Today I will use Python to download and save the novel called Tomatoes.
Need to prepare
Environmental use
- Python 3.8
- Pycharm 2023
Module usage
- requests
- re
- parcel
requests is a third-party module. Just win + R and enter cmd, and then enter the command pip install requests to install.
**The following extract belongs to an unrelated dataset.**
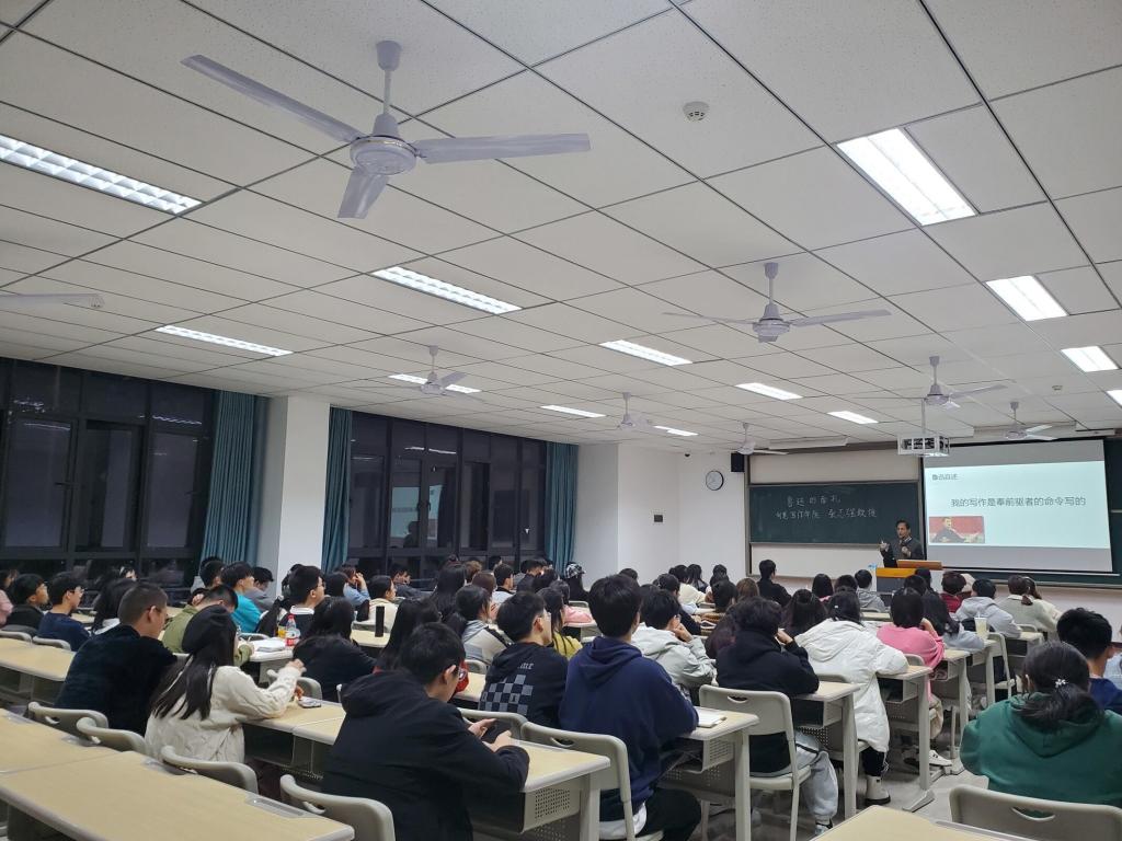 11月3日晚,仁者楼303教室座无虚席,120余名来自2021届作家班和綦迹创意文学社的同学,跟着创意写作学院的张志强教授一道,饱含敬意地朗诵起一首家喻户晓的诗歌:《有的人》。
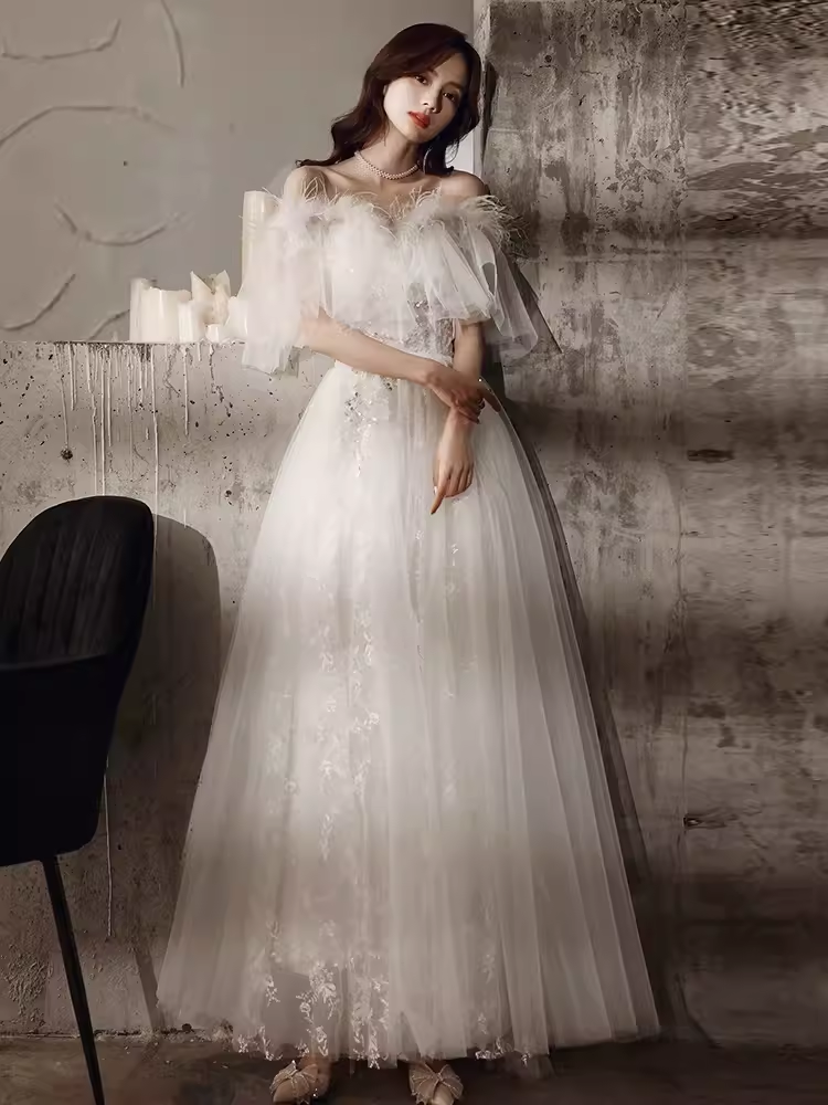 Princess A Line Off The Shoulder Tulle White Long Wedding Dresses HZ1024

The other two are built-in modules and do not need to be installed.
If you don’t have software and pycharm permanent jihuo code, you can pick up the business card at the end of the article~
Source code
import requests
import re
import parsel
from prettytable import PrettyTable
from tqdm import tqdm
while True:
headers = {
'User-Agent':'Mozilla/5.0 (Windows NT 10.0; Win64; x64) AppleWebKit/537.36 (KHTML, like Gecko) Chrome/117.0.0.0 Safari/537.36'
}
key = input('请输入你要下载的小说: 输入00退出 ')
if key == '00':
break
tb = PrettyTable()
tb.field_names = ['序号', '书名', '作者', '类型', '最新章节', 'ID']
num = 0
info = []
print('正在检索中, 请稍后.....')
for page in tqdm(range(30)):
search_url = 'https://大家自己替换一下地址.com/api/author/search/search_book/v1'
search_params = {
'filter': '127,127,127,127',
'page_count': '10',
'page_index': page,
'query_type': '0',
'query_word': key,
}
search_data = requests.get(url=search_url, params=search_params, headers=headers).json()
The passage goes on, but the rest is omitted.